Collected data:
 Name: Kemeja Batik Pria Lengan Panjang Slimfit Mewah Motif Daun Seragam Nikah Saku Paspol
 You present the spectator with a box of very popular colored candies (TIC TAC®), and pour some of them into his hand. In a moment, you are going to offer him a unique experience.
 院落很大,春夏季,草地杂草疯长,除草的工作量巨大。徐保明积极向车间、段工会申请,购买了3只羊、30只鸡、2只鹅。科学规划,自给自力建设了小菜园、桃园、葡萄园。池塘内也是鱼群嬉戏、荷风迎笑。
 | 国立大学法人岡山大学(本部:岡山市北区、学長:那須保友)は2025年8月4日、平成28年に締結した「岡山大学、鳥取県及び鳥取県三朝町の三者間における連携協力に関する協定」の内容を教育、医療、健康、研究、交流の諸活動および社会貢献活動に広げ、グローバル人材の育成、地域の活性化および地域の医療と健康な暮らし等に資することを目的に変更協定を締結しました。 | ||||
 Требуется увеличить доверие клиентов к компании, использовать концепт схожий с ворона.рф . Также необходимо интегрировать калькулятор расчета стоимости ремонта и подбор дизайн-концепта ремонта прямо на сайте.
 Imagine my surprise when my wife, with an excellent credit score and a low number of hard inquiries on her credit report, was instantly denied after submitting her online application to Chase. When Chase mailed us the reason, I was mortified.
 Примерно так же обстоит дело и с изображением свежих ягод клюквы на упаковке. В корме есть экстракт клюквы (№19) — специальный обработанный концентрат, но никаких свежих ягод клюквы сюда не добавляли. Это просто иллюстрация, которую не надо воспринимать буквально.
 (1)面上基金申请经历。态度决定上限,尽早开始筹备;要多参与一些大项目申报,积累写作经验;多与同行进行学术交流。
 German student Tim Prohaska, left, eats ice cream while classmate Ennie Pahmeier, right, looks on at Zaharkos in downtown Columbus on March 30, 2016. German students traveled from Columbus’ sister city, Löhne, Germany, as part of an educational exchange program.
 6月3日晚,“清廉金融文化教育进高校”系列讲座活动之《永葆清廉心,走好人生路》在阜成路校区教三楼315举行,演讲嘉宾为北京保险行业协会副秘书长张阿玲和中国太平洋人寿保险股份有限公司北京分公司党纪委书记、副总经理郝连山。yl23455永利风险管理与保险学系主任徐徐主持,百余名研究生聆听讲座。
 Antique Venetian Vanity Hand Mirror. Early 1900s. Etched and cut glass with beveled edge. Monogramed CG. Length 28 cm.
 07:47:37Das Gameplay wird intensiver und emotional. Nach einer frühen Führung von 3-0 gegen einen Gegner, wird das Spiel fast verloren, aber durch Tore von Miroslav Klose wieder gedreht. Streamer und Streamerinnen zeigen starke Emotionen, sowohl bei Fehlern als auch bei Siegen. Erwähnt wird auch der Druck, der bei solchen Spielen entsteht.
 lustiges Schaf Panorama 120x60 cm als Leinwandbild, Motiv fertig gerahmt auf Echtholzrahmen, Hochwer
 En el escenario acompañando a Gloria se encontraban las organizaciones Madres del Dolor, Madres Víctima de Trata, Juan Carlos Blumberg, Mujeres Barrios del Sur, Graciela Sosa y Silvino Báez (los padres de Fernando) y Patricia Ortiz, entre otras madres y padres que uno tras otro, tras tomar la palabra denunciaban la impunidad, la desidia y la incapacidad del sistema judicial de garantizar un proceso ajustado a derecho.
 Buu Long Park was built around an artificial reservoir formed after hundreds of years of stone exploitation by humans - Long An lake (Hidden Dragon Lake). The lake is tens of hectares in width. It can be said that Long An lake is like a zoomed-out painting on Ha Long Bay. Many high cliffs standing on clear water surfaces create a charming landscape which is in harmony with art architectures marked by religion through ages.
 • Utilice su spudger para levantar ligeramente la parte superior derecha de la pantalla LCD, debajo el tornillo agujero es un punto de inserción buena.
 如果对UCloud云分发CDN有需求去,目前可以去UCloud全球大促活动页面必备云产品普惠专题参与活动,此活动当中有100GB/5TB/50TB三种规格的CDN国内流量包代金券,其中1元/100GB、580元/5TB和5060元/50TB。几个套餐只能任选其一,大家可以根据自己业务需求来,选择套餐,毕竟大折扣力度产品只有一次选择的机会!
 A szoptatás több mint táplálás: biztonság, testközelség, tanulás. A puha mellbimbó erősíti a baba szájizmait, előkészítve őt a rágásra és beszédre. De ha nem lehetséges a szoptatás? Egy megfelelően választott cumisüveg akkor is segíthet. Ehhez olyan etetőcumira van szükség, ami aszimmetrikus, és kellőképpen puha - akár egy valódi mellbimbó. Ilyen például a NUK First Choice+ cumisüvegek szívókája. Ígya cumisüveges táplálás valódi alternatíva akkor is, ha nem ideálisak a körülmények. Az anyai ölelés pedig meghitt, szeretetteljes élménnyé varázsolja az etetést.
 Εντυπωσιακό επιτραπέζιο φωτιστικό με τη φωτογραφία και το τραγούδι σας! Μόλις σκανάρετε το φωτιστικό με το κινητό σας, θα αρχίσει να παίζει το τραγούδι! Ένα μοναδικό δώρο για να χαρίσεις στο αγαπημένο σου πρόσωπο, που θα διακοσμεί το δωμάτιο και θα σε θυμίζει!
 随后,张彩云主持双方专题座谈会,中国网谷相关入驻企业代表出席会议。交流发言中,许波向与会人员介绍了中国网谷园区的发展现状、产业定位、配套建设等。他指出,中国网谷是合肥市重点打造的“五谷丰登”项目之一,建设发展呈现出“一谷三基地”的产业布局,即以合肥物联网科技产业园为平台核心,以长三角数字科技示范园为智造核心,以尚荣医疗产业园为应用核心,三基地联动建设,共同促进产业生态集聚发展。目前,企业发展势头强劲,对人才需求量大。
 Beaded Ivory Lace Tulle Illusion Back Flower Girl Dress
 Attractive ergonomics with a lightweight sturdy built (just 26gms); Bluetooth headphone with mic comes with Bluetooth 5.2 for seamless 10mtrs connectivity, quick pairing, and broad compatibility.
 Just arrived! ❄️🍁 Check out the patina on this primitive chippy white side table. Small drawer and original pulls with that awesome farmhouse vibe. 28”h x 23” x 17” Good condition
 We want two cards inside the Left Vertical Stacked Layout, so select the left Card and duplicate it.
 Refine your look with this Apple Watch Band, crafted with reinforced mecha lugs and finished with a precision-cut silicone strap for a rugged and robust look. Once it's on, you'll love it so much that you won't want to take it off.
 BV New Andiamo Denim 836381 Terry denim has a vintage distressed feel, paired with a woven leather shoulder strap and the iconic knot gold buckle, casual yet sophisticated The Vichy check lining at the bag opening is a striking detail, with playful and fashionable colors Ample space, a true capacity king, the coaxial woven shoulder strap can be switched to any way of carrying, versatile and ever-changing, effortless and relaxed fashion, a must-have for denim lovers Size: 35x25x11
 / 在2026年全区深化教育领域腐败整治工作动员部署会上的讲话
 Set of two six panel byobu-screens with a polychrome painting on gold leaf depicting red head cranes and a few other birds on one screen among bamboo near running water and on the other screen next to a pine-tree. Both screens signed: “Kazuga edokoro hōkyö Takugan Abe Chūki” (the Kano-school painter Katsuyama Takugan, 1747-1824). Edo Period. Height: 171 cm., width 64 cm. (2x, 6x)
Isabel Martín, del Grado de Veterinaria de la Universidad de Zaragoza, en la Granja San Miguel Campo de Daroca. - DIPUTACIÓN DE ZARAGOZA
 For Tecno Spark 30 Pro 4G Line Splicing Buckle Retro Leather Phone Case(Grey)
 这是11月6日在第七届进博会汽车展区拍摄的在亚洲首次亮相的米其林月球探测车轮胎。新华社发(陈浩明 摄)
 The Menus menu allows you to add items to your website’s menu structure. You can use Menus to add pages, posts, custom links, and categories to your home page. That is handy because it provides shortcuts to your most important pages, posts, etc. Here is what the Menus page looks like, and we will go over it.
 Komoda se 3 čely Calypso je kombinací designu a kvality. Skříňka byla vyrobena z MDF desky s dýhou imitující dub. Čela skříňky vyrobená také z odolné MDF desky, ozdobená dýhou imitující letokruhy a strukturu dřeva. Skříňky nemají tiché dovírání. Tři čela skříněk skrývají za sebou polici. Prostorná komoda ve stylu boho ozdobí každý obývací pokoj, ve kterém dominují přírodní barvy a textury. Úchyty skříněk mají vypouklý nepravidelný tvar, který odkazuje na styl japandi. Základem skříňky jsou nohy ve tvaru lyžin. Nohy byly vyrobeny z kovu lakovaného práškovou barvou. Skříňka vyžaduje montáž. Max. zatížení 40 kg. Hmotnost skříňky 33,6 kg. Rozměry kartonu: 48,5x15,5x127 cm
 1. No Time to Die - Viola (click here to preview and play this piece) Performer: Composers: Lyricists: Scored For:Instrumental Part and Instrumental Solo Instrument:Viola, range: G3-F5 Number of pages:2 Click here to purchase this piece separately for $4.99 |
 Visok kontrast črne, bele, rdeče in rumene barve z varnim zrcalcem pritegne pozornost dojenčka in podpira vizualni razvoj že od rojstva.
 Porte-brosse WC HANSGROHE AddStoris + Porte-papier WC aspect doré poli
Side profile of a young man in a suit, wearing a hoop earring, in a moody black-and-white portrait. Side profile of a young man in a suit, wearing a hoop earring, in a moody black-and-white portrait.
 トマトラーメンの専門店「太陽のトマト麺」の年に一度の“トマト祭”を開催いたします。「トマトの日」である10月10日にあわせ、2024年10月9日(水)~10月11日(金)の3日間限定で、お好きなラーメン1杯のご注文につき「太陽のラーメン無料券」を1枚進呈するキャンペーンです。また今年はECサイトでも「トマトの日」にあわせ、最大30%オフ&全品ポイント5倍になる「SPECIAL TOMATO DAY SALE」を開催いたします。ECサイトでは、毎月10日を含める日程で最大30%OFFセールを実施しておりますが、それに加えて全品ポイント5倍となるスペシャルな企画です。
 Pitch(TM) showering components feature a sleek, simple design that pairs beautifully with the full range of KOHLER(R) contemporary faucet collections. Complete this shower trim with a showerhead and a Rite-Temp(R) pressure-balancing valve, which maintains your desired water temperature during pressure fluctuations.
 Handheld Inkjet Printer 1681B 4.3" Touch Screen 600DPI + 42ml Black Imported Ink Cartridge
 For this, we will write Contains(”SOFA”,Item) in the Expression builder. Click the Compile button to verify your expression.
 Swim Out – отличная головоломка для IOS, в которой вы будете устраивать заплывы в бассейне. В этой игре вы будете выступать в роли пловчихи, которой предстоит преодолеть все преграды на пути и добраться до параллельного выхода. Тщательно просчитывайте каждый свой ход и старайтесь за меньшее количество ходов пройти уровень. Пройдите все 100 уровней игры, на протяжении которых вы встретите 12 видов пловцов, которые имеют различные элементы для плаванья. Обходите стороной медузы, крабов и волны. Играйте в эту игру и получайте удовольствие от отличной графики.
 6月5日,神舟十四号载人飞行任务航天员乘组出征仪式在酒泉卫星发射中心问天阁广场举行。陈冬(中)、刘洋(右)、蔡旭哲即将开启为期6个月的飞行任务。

Task description: Starting with the line above that holds "Handheld Inkjet Printer" and stopping with the line that holds "For this, we", reproduce each line exactly, omitting all other lines.

Answer box:
 Handheld Inkjet Printer 1681B 4.3" Touch Screen 600DPI + 42ml Black Imported Ink Cartridge
 For this, we will write Contains(”SOFA”,Item) in the Expression builder. Click the Compile button to verify your expression.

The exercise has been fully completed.